Are you using GFP for fluorescence readout. The current eGFP is extremely stable and very hard to bleach with a regular stereoscope. Even with confocal you would need a fairly high laser power to bleach it. Also eGFP is stable for several days; we even used it as a short term lineage tracer after the promoter shut off. I feel that your FP is not being expressed. I would recheck al cloning stages, sequence information etc...Also if you have a transient transgenesis marker (a-Cryaa:CFP) it should tell that your plasmid is integrating. I prefer not to use cmlc2:GFP as a transgenesis marker because the cmlc2 promoter is extremely strong and might repress other promoters in the vicinity.

I am using mCherry as a reporter. The sequence that should drive it is a human promoter, characterized recently in cell culture. So, to be honest, it might not work in zebrafish ;) But I do have a "feeling" that I should try better with proper imaging technique.

I have checked the sequences, made sure the promoter doesn't mess up mCherry start site, I have no out-of-frame occurrences.

Could you explain a bit more about the transient transgenesis marker, please?

Thank you very much!

It's hard to be sure but many human promoters/enhancers work really well in fish. We've had a collaborator make hundreds of lines with human enhancers in zebrafish. It is very easy to see ectopic expression in transient injections (especially in muscle) hence I am surprised that you don't see anything.

Since you mentioned tol2 I assumed you were using tol2 kit from Chi Bin Chien (http://tol2kit.genetics.utah.edu/index.php/List_of_entry_and_destination_vectors). Also check this paper

"The Tol2kit: A multisite gateway-based construction kit for Tol2 transposon transgenesis constructs"

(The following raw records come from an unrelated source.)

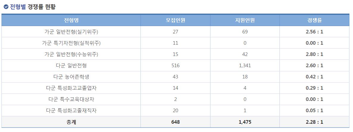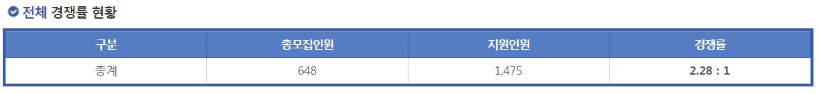 전체 경쟁률에 대해서 먼저 알아보도록 하겠습니다. 전체 경쟁률은 2.28:1 이었습니다.
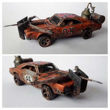 I'm still having fun making cars for Gaslands and I decided that each vehicle needed it's own post so I could revel in it's tiny glory. Photographing tiny cars, it turns out, is an art of it's own and one I'm not terribly skilled at. Getting the lighting right for good color is really tough! But I tried my best.This is Lightwing. The driver, Mads Rhode, along with his girlfriend, Em, make up Team Stormageddon. They're both younger drivers and don't full understand what they're in for. They treat the whole blood-sport thing like an elaborate joke. But they have talent and a passion for going fast!
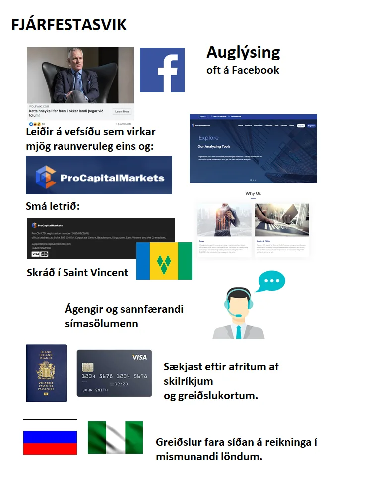 Fólk sér þessar auglýsingar og ef það smellir á þær þá fer það á síður sem í fljótu bragði virðast vera fjárfestingarfyrirtæki. Þar er fólk hvatt til að skrá sig og í framhaldi fær það símtal frá tunguliprum en ágengum sölumönnum sem vilja endilega bjóða þeim pakka. Oft er fyrsta upphæðin ekki stór, kannski 250 til 300 evrur eða dollarar, en það er bara byrjunin. Í framhaldi berast önnur símtöl og flækjustig. Fólk er beðið að skanna inn og senda myndir af persónuskilríkjum og greiðslukortum. Sumir hafa lent í því að óheimilar úttektir eru gerðar á kortin þeirra enda eru svindlararnir komnir með allar upplýsingar sem að þeir þurfa. Í öðrum tilvikum halda símasölumennirnir áfram að hringja og vilja að viðkomandi fjárfesti meira og meira enda sé væntanlegur ávinningur mikill.
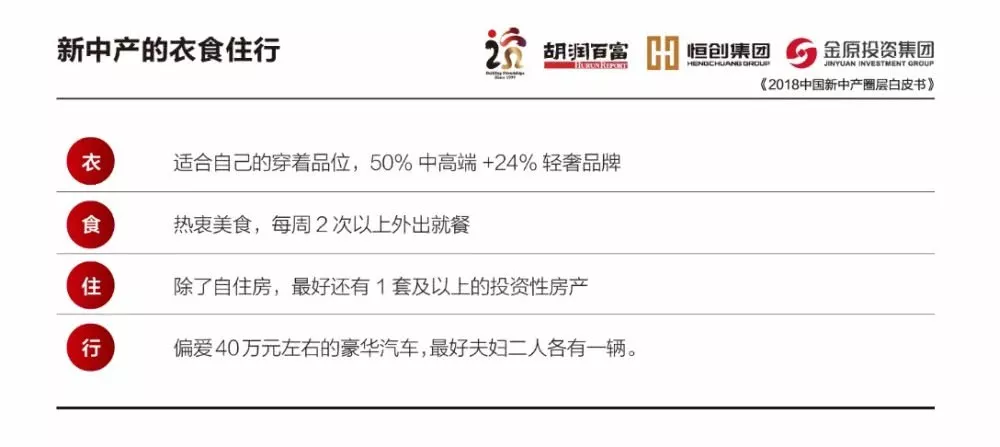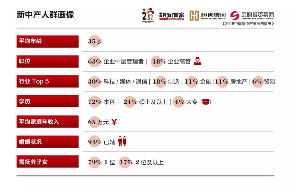 2018年11月23日,胡润研究院携手投资和资产管理公司金原投资集团,联合发布《2018中国新中产圈层白皮书》(China New Middle Class Report 2018)。这份36页的专业报告揭示了中国中产阶层和新中产圈层的规模、特点和需求,描绘了他们的生活状态、情感现状和财富观。
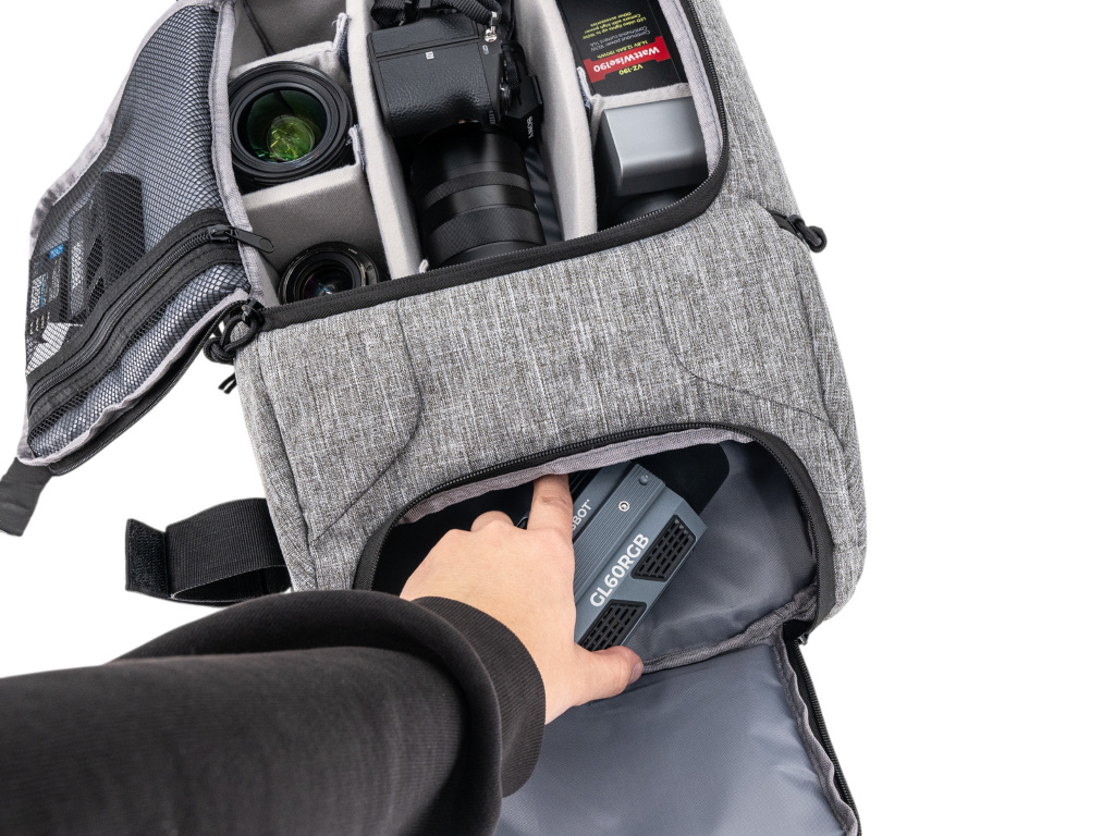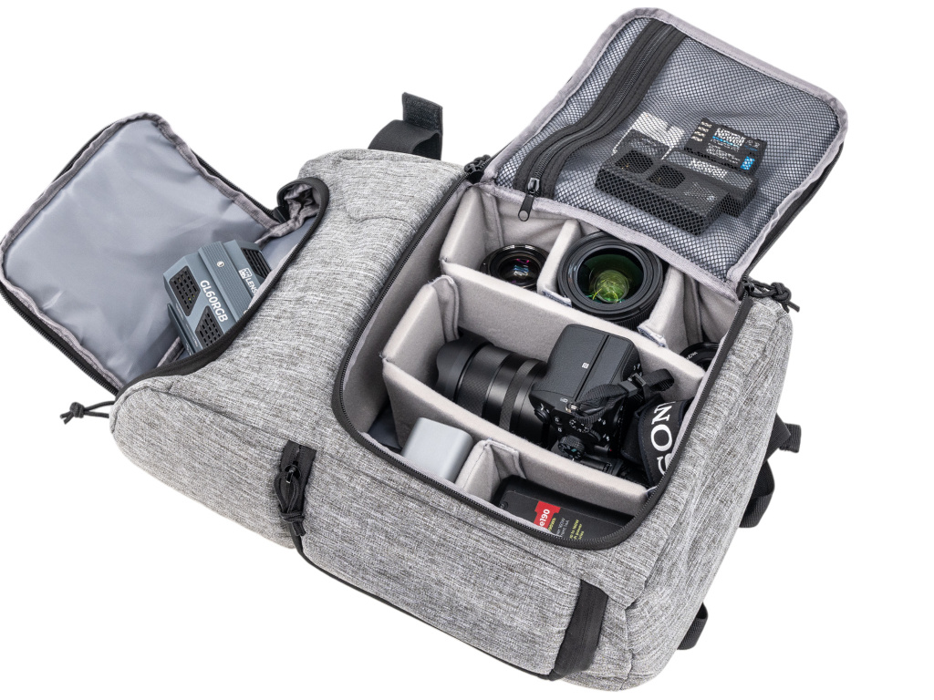 Plecak posiada wystarczająco dużo miejsca do przechowywania aparatu cyfrowego, obiektywów, statywu i innych akcesoriów. Wewnętrzną organizację zapewniają trzy długie i cztery krótkie wyjmowane przegródki, które umożliwiają dostosowanie przestrzeni do potrzeb i chronią sprzęt przed wstrząsami. Dwie oddzielne przegródki i modułowa wkładka wewnętrzna z wyściółką zapewniają elastyczne rozmieszczenie różnych aparatów, obiektywów, lamp błyskowych lub dronów.
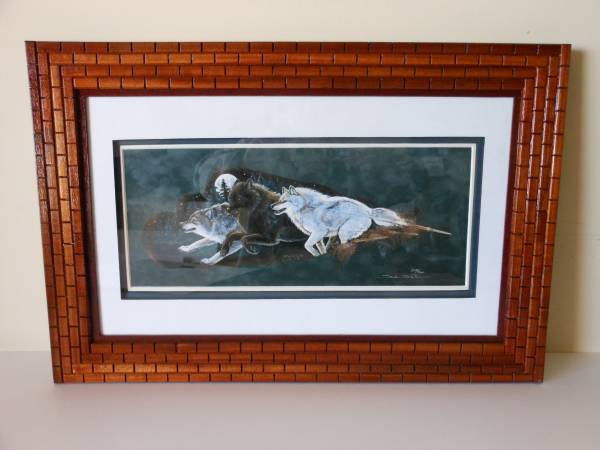 This artwork is titled "MOONLIGHT RUN" it is a 2007 print numbered 268/500 and is hand signed by the artist. The frame size is 24" x 16". There are 3 mats on the artwork-Off White, Blueberry Blackcore, and Sparkling White Blackcore. The tiles are
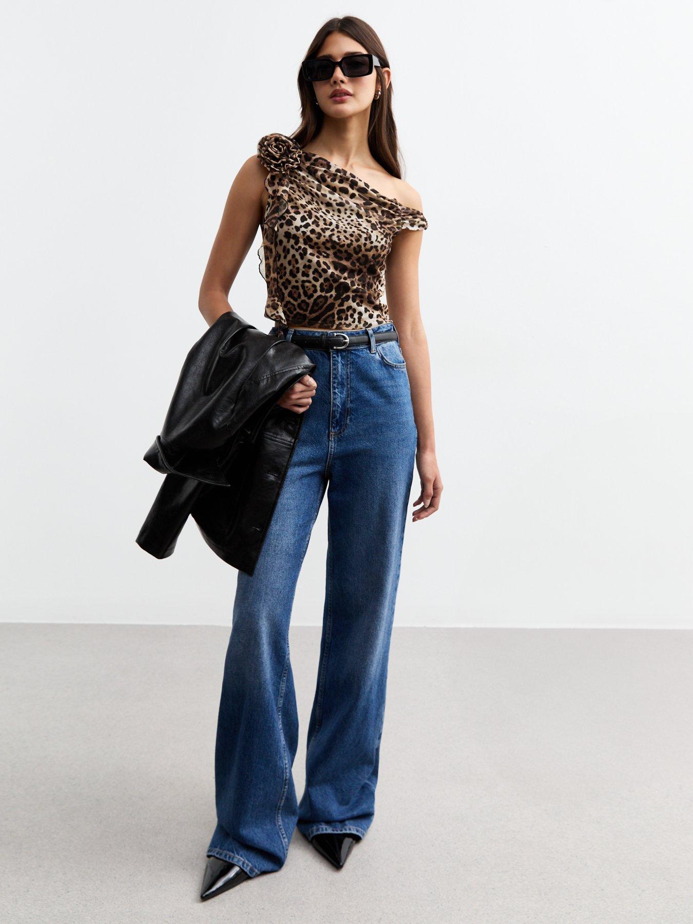 • Corsage Leopard Print One Shoulder Top by New Look
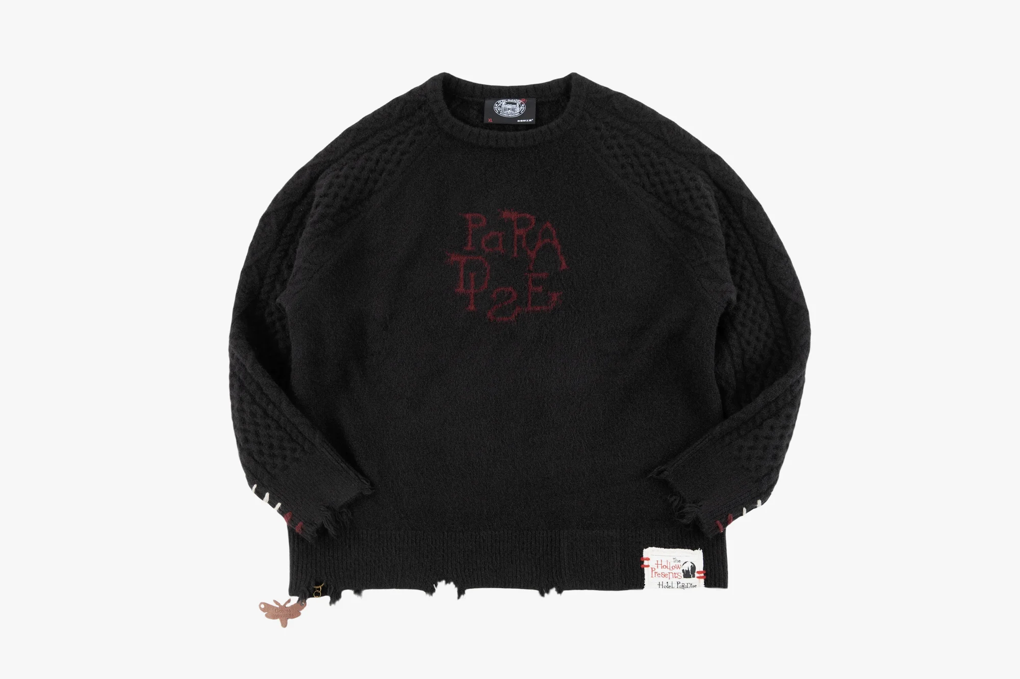 本款毛衣以吉考斯工业原创系列「天堂酒店」特别篇的故事为设计灵感,将故事中「水晶球」与「骨瓷小熊」的意象融入织物设计之中,构筑出介于梦境与现实之间的节日氛围。
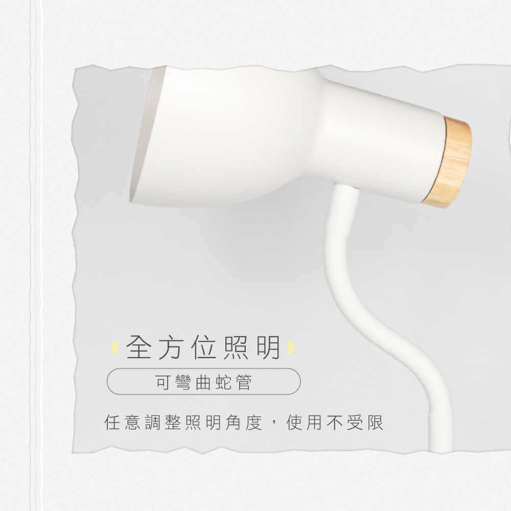.E27燈泡可拆式,可彎曲蛇管調整角度
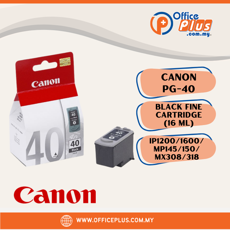 The genuine Canon PG-40 Pigment Black Ink Cartridge is easy to install and delivers high quality and durability all at once. Print crisp, smudge-resistant, professional quality text. Designed with FINE (Full Photolithographic Inkjet Nozzle Engineering) technology, your documents will realize added sharpness, detail and quality.
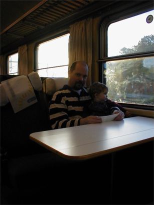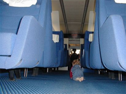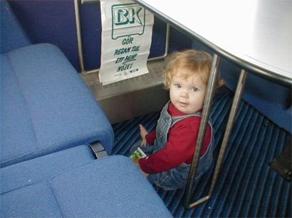 Det fanns lekutrymme men Rebecka tyckte att hela tåget var ett lekutrymme.

The kit uses uses three-insert multisite Gateway cloning (att4-att1-att2-att3) from Invitrogen. There is just too much information for me to write in but you should read up on the link I shared above. In brief, you clone the promoter, gene (mCherry) and polyA in 3 different vectors (called entry clones) using BP cloning. Once you have the clones' sequence verified, these three elements can be added in correct sequence to a destination clone that contains tol2 arms for transporting the "cargo" to genomic DNA. Within the tol2 arms but outside the entry clones these destination clones may have cmlc2:GFP or a-Cryaa:CFP "transient" transgenesis gene. This maker will give you heart:GFP or lens:CFP expression telling you that your cargo has inserted in the genome. This is especially useful if you are making GAL4-UAS or Cre lines.

The Tol2 kit contains many useful constructs already assembled and you can just get it as a complete set. Most fish labs have it.

I am using a p5E-mcs-PCR and pME-Cherry , which I simultaneously cloned in LR reaction into pminTol-R4-R2. It's a three-way Gateway recombination, but you only need high quality LR enzyme, instead of BP and LR. I've cloned my promoter region into p5E, which means it is upstream of mCherry and both of them are inserted onto minimal Tol2 backbone.

For the positive control I have done exactly the same, except I've used pENTR5'_ubi instead of p5E. This one worked beautifly and I have gotten lovely mCherry mosaic expression in muscles. Unfortunately with my promoter sequence I've not seen anything.

I was thinking it is either too specific for me to detect it, it works only at a certain developmental stage or it doesn't work at all.